- Born: 16 May 1925 Buenos Aires, Argentina
- Died: 4 October 1999 (aged 74) Pau, France
- Occupation(s): Businessman, trade unionist
- Known for: Founder of Pau FC, President of Action contre la Faim

= José Bidegain =

French entrepreneur

José Bidegain (16 May 1925 – 4 October 1999) was a French businessman and employer trade unionist. He is best known as the founder of Pau FC and for his involvement in the exploration of gouffre de la Pierre Saint-Martin cave system and humanitarian work with Action contre la Faim.

A prominent left-leaning industrialist and a figure in Christian socialism, Bidegain was deputy CEO of the family shoe company Beverly in Pau. He served as municipal councillor of Pau under mayor Louis Sallenave from 1953 to 1971.

He held influential positions in French employers’ associations, presiding over the Conseil national du patronat français (CNPF) from 1961 to 1964, and later became deputy CEO of Danone and Saint-Gobain in the 1970s. Bidegain co-founded the business club Entreprise et Progrès with François Dalle and served as adviser to the Ministry of Industry under Roger Fauroux during the Michel Rocard government. From 1991 until his death, he was president of the humanitarian NGO Action contre la Faim.

== Early life and family ==
Of Souletin origin, José Bidegain was born in Buenos Aires on 16 May 1925. His father, Georges Bidegain, had emigrated from Pau to South America before returning to Béarn in 1937 to establish the Beverly shoe factory.

He was the father of screenwriter and director Thomas Bidegain. Georges Bidegain had founded Bidegain SA and the brand Babybotte.

== Career ==

=== Business leadership ===
José Bidegain expanded the family business in the early 1950s, growing it from 50 to 1,000 employees in fifteen years. Beverly became one of the most modern shoe factories in Europe after its inauguration in 1957. The company remained family-run and resisted working with large retail chains until its liquidation in 2019.

=== Trade union leadership ===
From 1966 to 1977, Bidegain served as General Delegate of the National Federation of the Shoe Industry in France, representing 600 companies and 75,000 employees. During the May 1968 events, he provided logistical support to action committees and intervened to resolve the 1973 Romans-sur-Isère labor conflict.

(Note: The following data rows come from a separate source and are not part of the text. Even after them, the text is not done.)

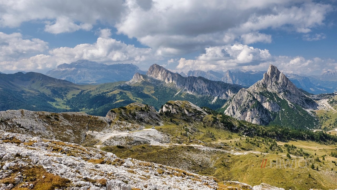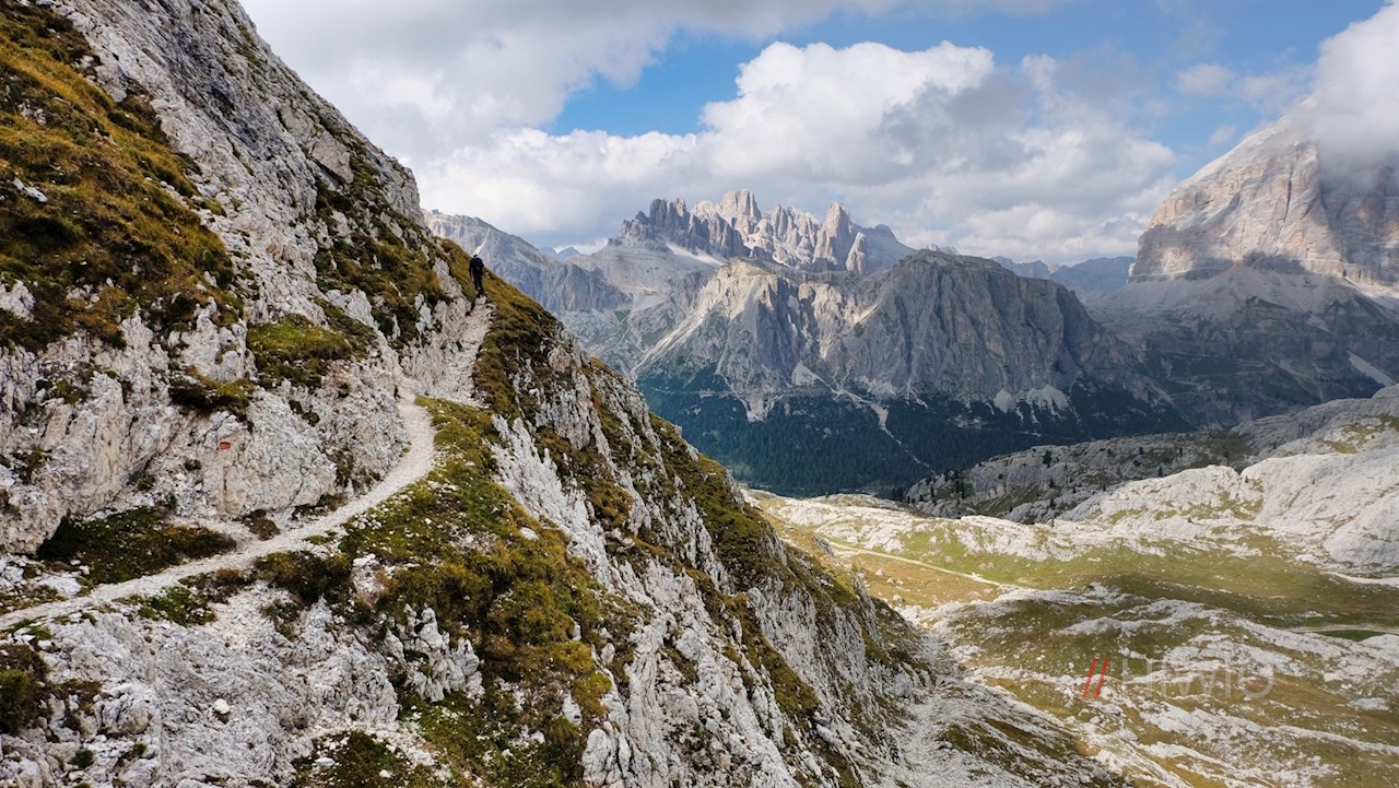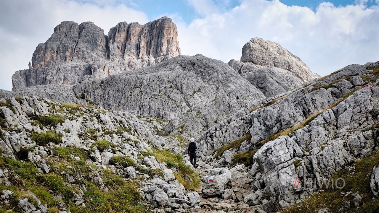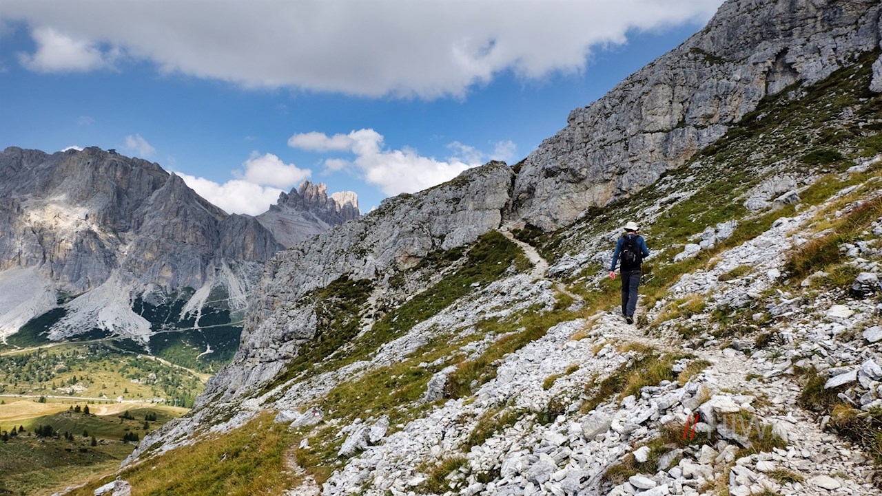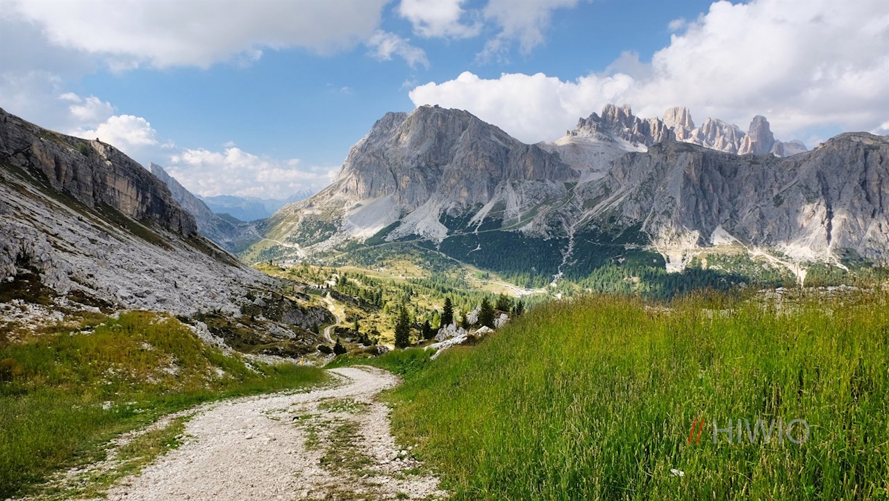 Infine, il sentiero si unisce al sentiero n. 441, che riporta direttamente al passo Falzarego con lo sfondo del Lagazuoi.
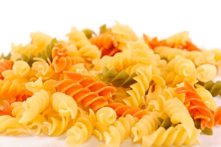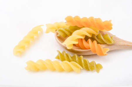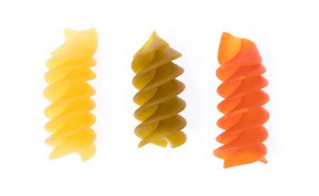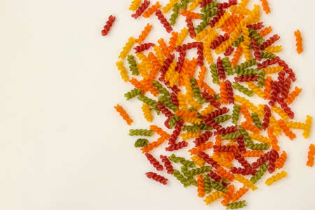 Fusilli multicolored pasta on a white background, horizontal orientation, copy space, top view
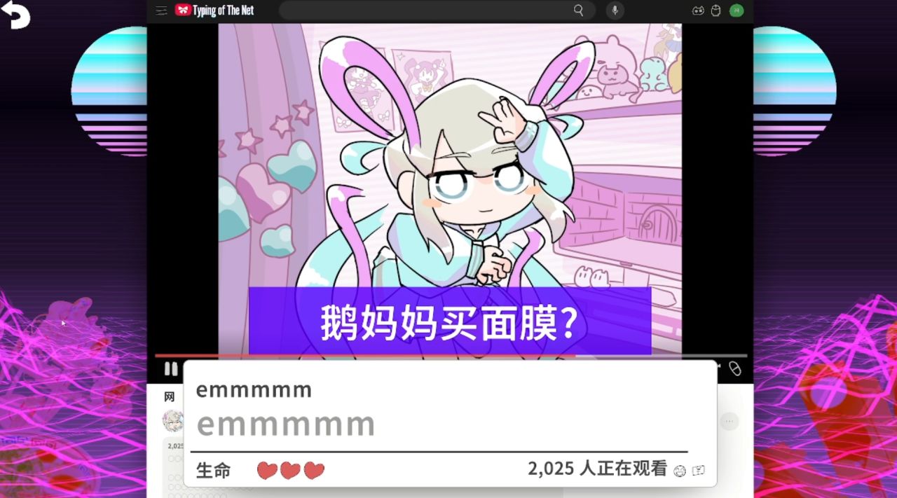三个本体打字关卡+五关的银河恶魔城小游戏,结合这些内容《主播女孩重度依赖 网络梗打字通》便足以撑起这价值25块的游戏体量。
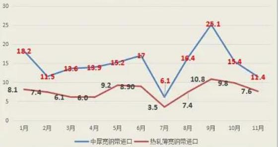 圖表:熱軋卷進(jìn)口分類(lèi)需求走勢(shì)圖
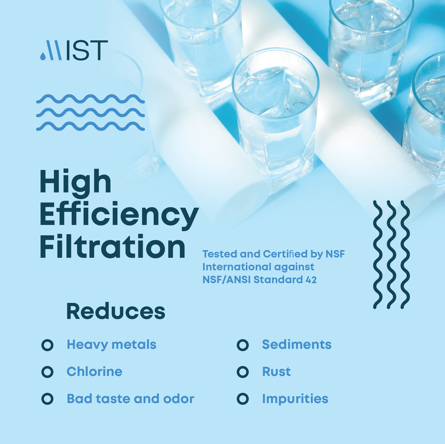 This system removes heavy metals, chlorine, fluoride, sediment, lead, cysts, rust, bad taste, and odors as well as other impurities from your tap water.
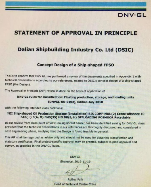 ????11月20日,大船集團(tuán)在總部舉行了“15.5萬噸穿梭油船”和“通用型FPSO”設(shè)計AIP證書頒發(fā)儀式,兩型新產(chǎn)品獲得DNV·GL原則性認(rèn)可。
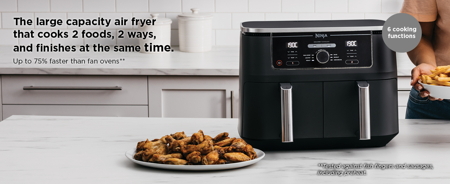 - 6 COOKING FUNCTIONS: Air Fry, Max Crisp, Roast, Bake, Reheat & Dehydrate. Up to 75% faster than fan ovens* (*Tested against fish fingers and sausages, including preheat.)
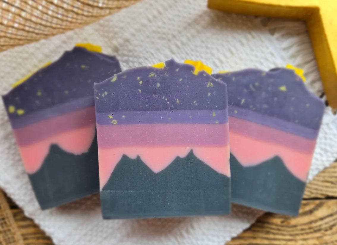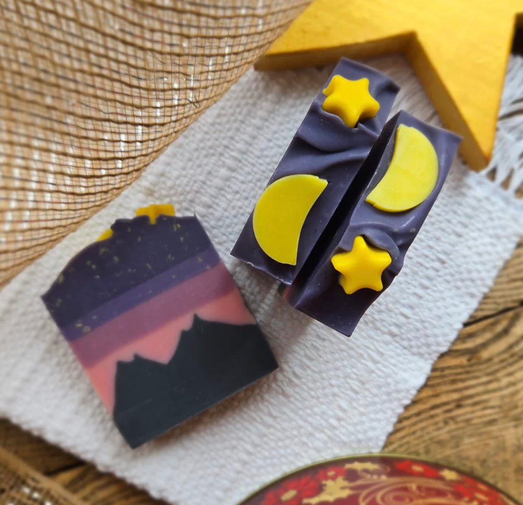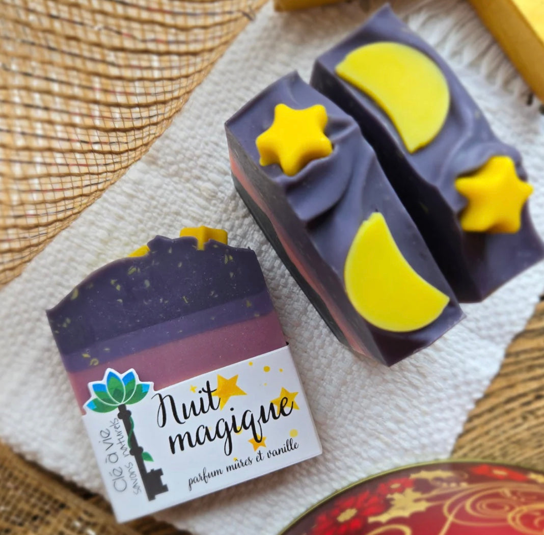 Doux parfum de mûres et de vanille qui s'agence à merveille avec un ciel étoilé aux couleurs mauve et rose!
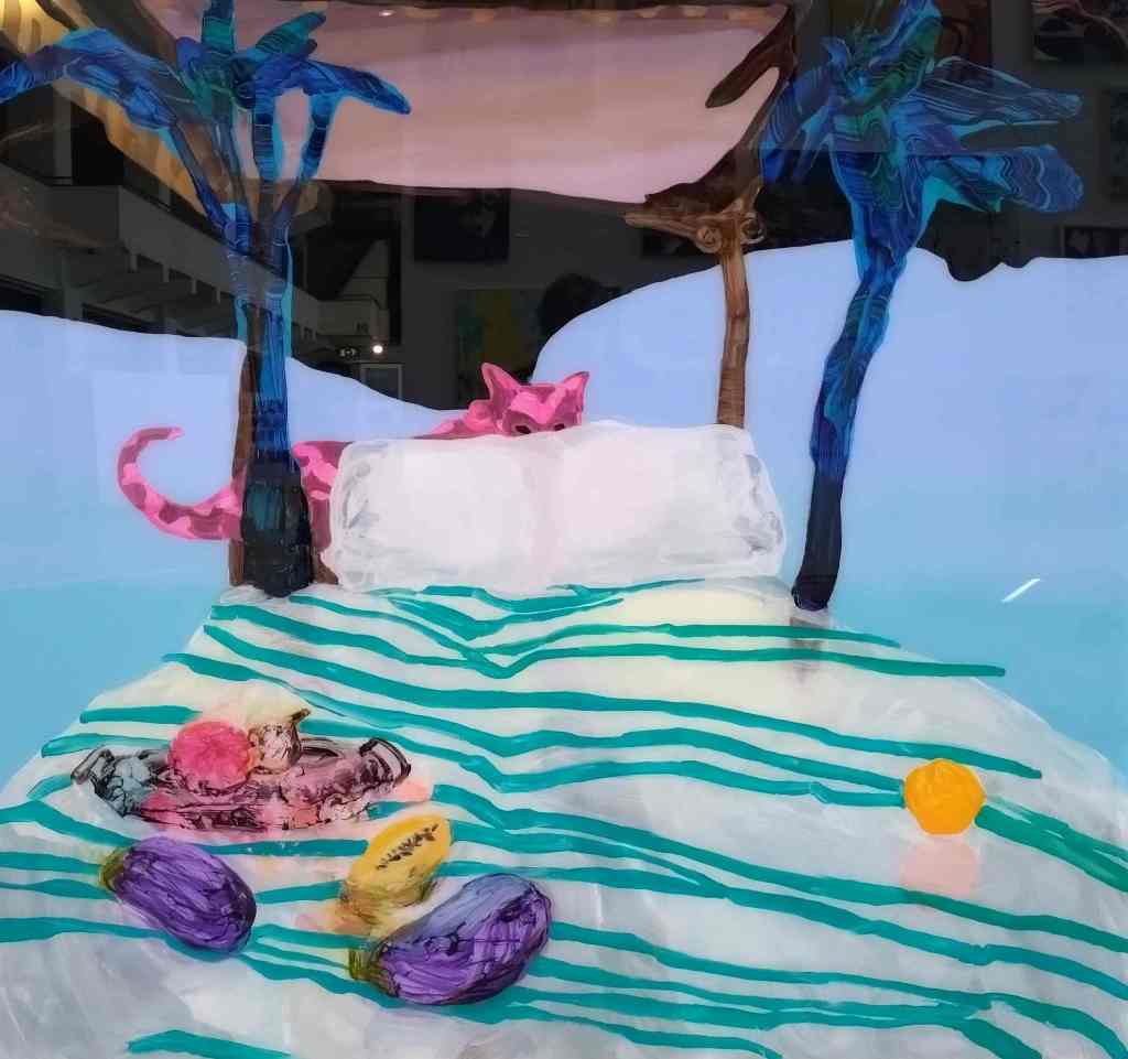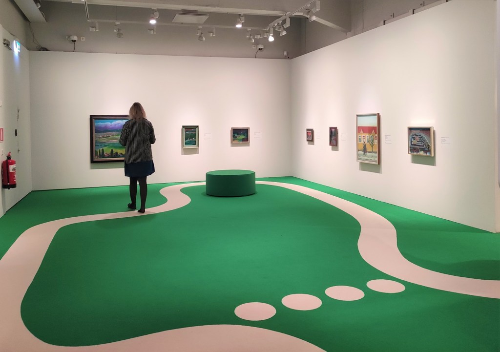 Taidenäyttely on suunnattu ensisijaisesti lapsiperheille. Näyttelyn taiteilijat tunnetaan naivistisesta tyylistä. Taideteokset ovat estetiikaltaan 1970 luvulta; aaltoileva muotokieli ja vahvat värit. Aiheet ovat realistisia. Työt ovat ripustettu normaalia alemmaksi ja lattiaa kiertää ’polku ’, jota voi seurata. tiloissa on myös oma huone lasten omaa taiteen tekemistä varten. Työt kiinnostavat varmasti myös aikuisia joskin niiden katsominen vaatii vähän kumartelua.
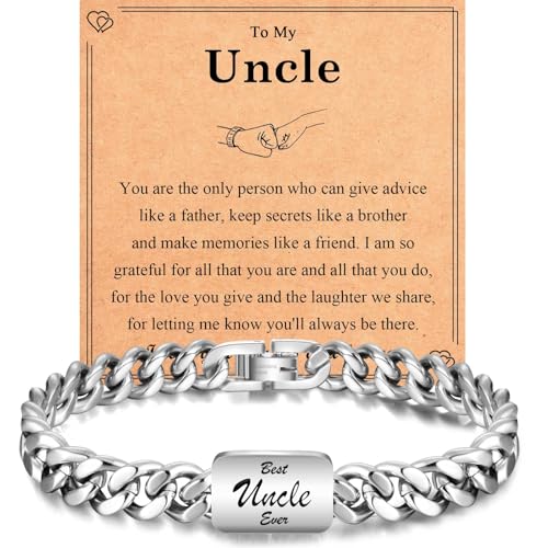 EYQV Uncle Gifts, Engraved Bracelet Uncle Gift from Niece Nephew, Best Fathers Day Birthday Christmas Gifts Stocking Fillers for Men
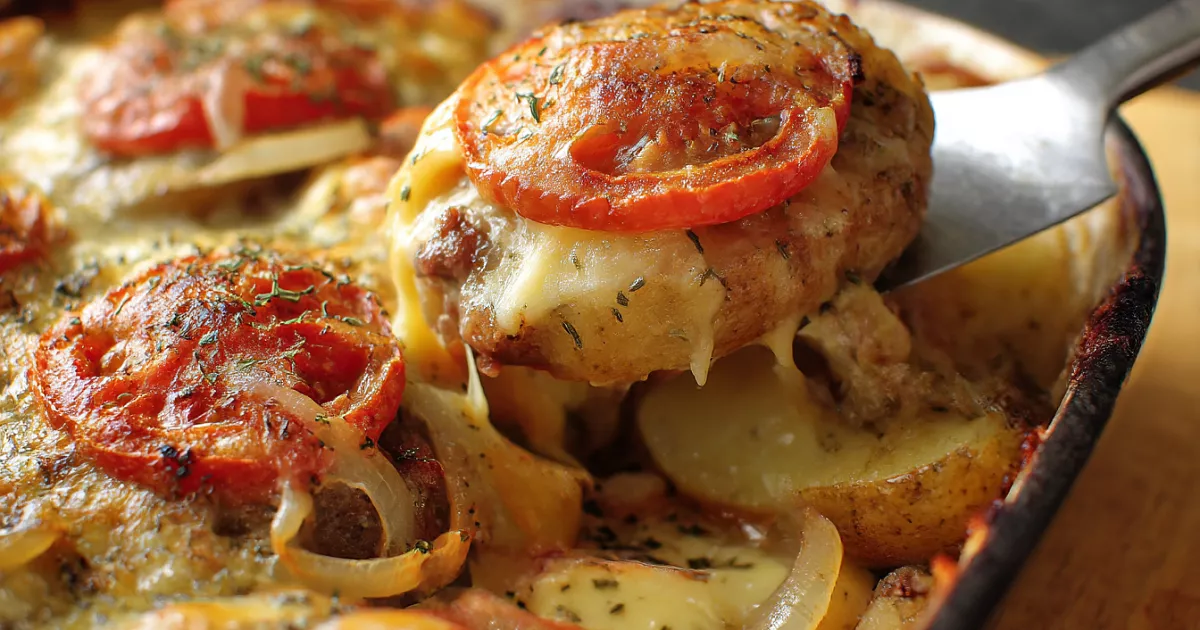 Мясо выходит сочным внутри, с аппетитной сырной корочкой, а картофель под ним пропитывается соками и становится невероятно вкусным.
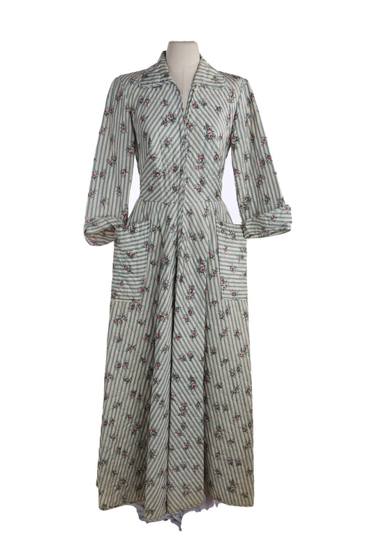 1940's White Floral Print Striped Long Dress
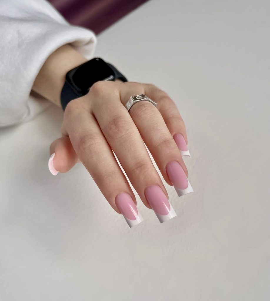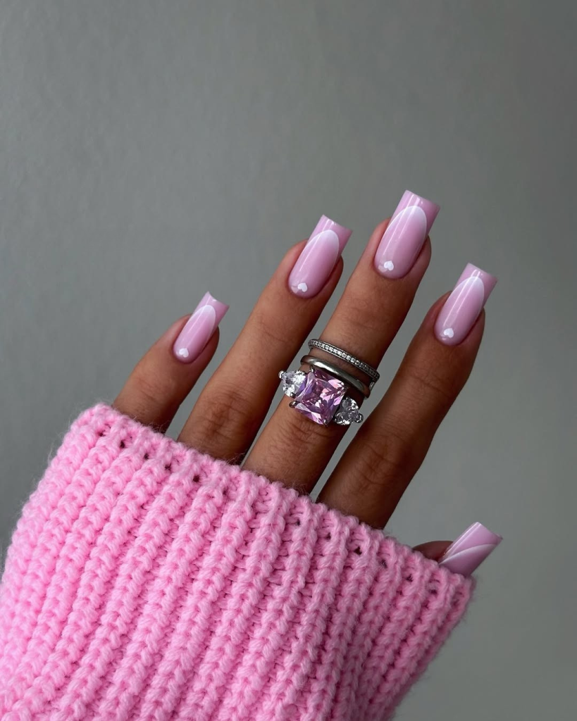 A contemporary fashion for a monochrome is the one that concludes this trend lineup. This pink French tip design comes comprising of a creamy rose base and matching tips with a high-gloss finish that is softly enhanced by mini-pearl heart accents. The result is sleek, delicate, and a little dreamy. The box shape adds a balance to such a hyper-feminine shade, fitting both comfy knitwear or date-night slip dress. This is a soft power move—feminine without apology.

=== Corporate management ===
Between 1978 and 1989, Bidegain was deputy CEO of BSN-Gervais-Danone and then Saint-Gobain, overseeing social policy.

=== Employer unionism ===
Bidegain was president of the Centre des jeunes dirigeants d'entreprise (CJD) from 1961 to 1964. After conflicts with the CNPF, he co-founded the Centre national des dirigeants d’entreprises (CNDE) in 1968 and later Entreprise et Progrès with François Dalle and Antoine Riboud, representing the reformist wing of French employers.

== Political engagement ==
Bidegain was active in the political think tank "Échanges et projets" founded by Jacques Delors, and served as its president in 1981.

== Humanitarian work ==
He was president of Action contre la Faim from 1991 until his death and was appointed to the Commission nationale consultative des droits de l'homme in December 1996.

== Sports ==

=== Rugby ===
Bidegain played as a lock for ASOP and was its president from 1956 to 1963.

=== Pau FC ===
He founded the Pau FC on 19 May 1959. Beverly remained closely linked to the club, hosting many general assemblies at the factory.

=== La Pierre Saint-Martin expedition ===
Bidegain participated in the 14 August 1952 expedition with Haroun Tazieff during which Marcel Loubens fell 15 meters to his death in the cave.

== Founder of Pau FC ==
José Bidegain founded the Pau Football Club on 19 May 1959.

Before its liquidation in 2019, José Bidegain's company, Beverly, remained closely linked to Pau FC, with many of the club's general assemblies being held at the company's factory.

== Other roles ==
From 1977 to 1996, he presided over the Association of Basques in Paris. In 1956, he was captain of the 3rd squadron of the 10th Dragoon Regiment in North Africa.

== Death ==
Bidegain was involved in a car accident in mid-July 1999 and died of cardiac arrest on 4 October 1999 in Pau.